Security Model
Sockguard's defense-in-depth model — transport admission, client admission, method/path filtering, request-body inspection, ownership isolation, visibility-controlled reads, and structured access plus audit logging.
Why Socket Proxying Matters
The Docker socket (/var/run/docker.sock) is equivalent to root access on the host. Any container with unrestricted socket access can:
- Create a privileged container that mounts the host filesystem
- Execute arbitrary commands via
docker exec - Access host PID, network, and IPC namespaces
- Pull and run malicious images
- Manipulate Swarm clusters
A socket proxy sits between consumers and the raw socket, filtering requests to limit what each consumer can do.
Defense in Depth
Sockguard implements multiple layers of filtering:
Layer 0: Policy Integrity
Before any request is evaluated, Sockguard can verify that the loaded
configuration was signed by a trusted key. When policy_bundle.enabled: true,
the on-disk YAML is treated as untrusted until a cosign sigstore bundle at
policy_bundle.signature_path confirms it. An unsigned, malformed, or
wrong-key bundle aborts startup with a wrapped policy bundle: error — no
rules compile, no listener opens.
Two verification paths are supported:
- Keyed — PEM-encoded ECDSA, RSA, or ed25519 public keys listed under
policy_bundle.allowed_signing_keys. No network round-trip required. - Keyless (Fulcio + Rekor) —
policy_bundle.allowed_keylessentries constrain the Fulcio cert chain by exact OIDC issuer URL and subject SAN regex. Whenpolicy_bundle.require_rekor_inclusion: true, a Rekor transparency-log entry is additionally required.

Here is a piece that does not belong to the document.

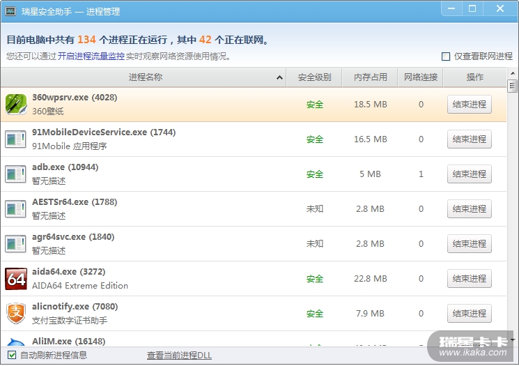 rt,增加流量显示、即时流量、程序打开端口、程序联网目标地址及目标端口信息,方便判断程序或病毒具体情况!!!

Verification also runs on every hot reload. A reload whose bundle fails
verification is rejected with result=reject_signature in
sockguard_config_reload_total and never touches the running policy. The
trust material (enabled, allowed_signing_keys, allowed_keyless,
require_rekor_inclusion, verify_timeout) is reload-immutable so a SIGHUP
cannot silently widen the set of accepted signers; only signature_path is
reload-mutable so an operator can re-sign without a restart.
The verified signer (keyed:<spki-fingerprint> or keyless:<issuer>:<san>)

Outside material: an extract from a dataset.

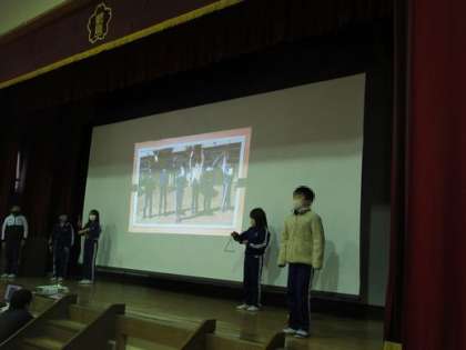 3年生は6年生の思いでクイズ、4年生はけん玉の演技を披露しながらメッセージを送りました。5年生はすてきな6年間の思い出をスライドにまとめてくれました。6年生はそれを見て6年間を振り返っていました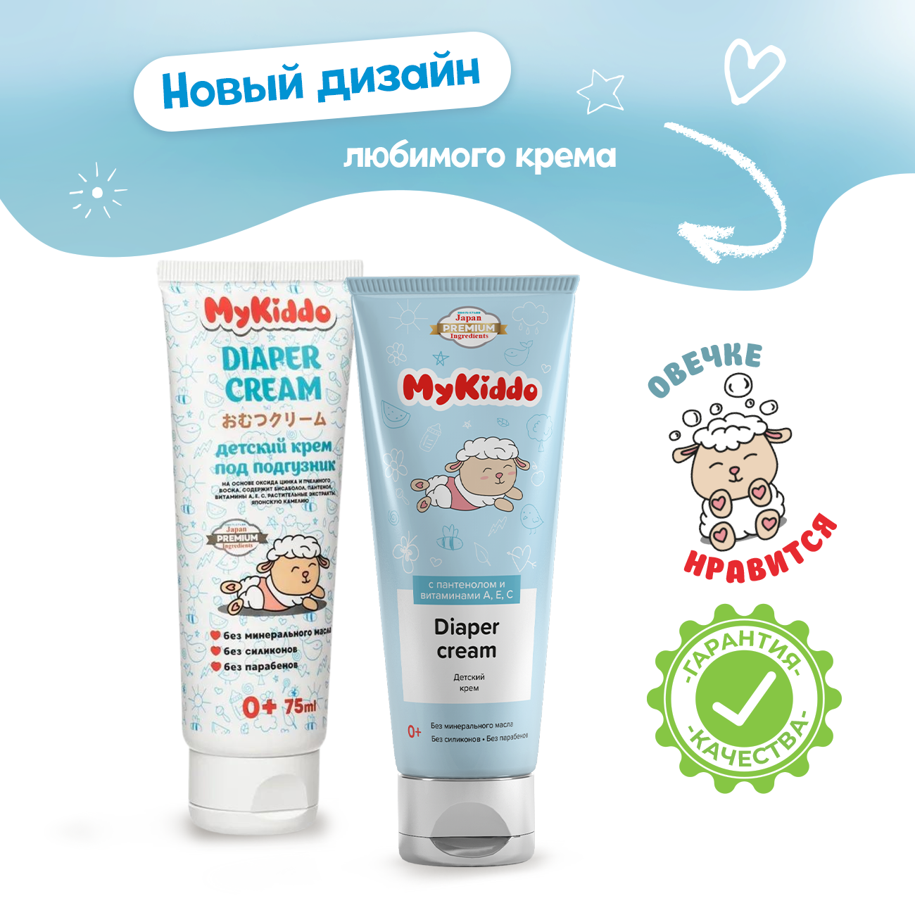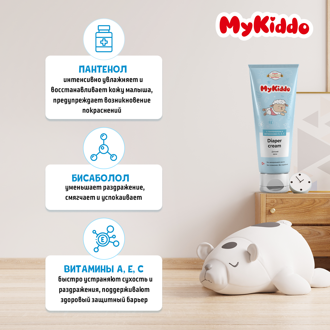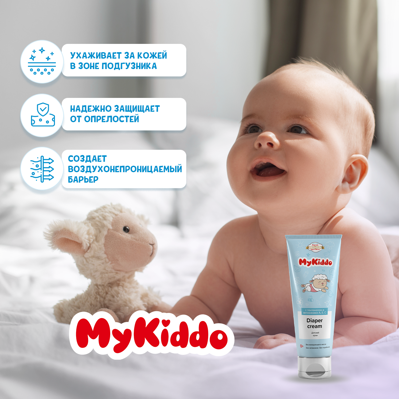 Крем под подгузник на основе окс. цинка и пчел. воска бисаболол пантенол вит. АЕС растит. экст-ы MyKiddo 75мл ООО УНИК КОСМЕТИК (1252695)

and the YAML's SHA-256 digest are stamped onto GET /admin/policy/version in
the bundle_signer and bundle_digest fields, giving operators a tamper-evident
audit trail of exactly who signed the running policy and over which bytes.
Layer 1: Transport Admission
Non-loopback TCP listeners require mutual TLS 1.3 by default via listen.tls. Plaintext remote TCP is rejected unless you set both listen.insecure_allow_plain_tcp: true and listen.insecure_allow_unauthenticated_clients: true — two deliberate acknowledgments (one without the other is rejected) for legacy compatibility on a private network. Unix socket listeners bypass this layer because they are filesystem-bounded. listen.tls.client_ca_file defines the issuing trust root, and the optional listen.tls.common_names, dns_names, ip_addresses, uri_sans, and public_key_sha256_pins fields can narrow that trust to specific verified client certificates instead of implicitly accepting every client cert issued by the configured CA.
Layer 2: Client Admission
clients.allowed_cidrs gates incoming TCP callers by source CIDR before any rule evaluation runs. When clients.container_labels.enabled is true, Sockguard resolves the calling container by source IP and enforces per-client com.sockguard.allow.<method> label allowlists in addition to the global rule set.
Named client profiles sit on top of that admission layer. Sockguard can now select a per-client ruleset and request-body policy by source IP, verified mTLS certificate selectors (common_names, dns_names, ip_addresses, uri_sans, spiffe_ids, public_key_sha256_pins), or unix peer credentials (uids, gids, pids), with a configurable default profile for unmatched callers. That turns one proxy from "one ruleset in front of Docker" into a shared control plane for multiple consumers without collapsing back to broad allowlists.
Layer 3: Method Filtering
Block entire HTTP methods. Most consumers only need GET (read-only mode).
Layer 4: Path Filtering
Allow or deny specific Docker API endpoint paths using glob patterns. Before matching, Sockguard strips Docker API version prefixes (/v1.45/), percent-decodes the path (including double-encoded separators and mixed-case escapes such as %2F, %2E, and %252F), and resolves . / .. segments via path.Clean. That means /v1.45/containers/%2e%2e/images/json canonicalizes to /images/json before the glob matcher sees it, so adversarial path shapes cannot slip past a literal allowlist or skip a request-body inspector.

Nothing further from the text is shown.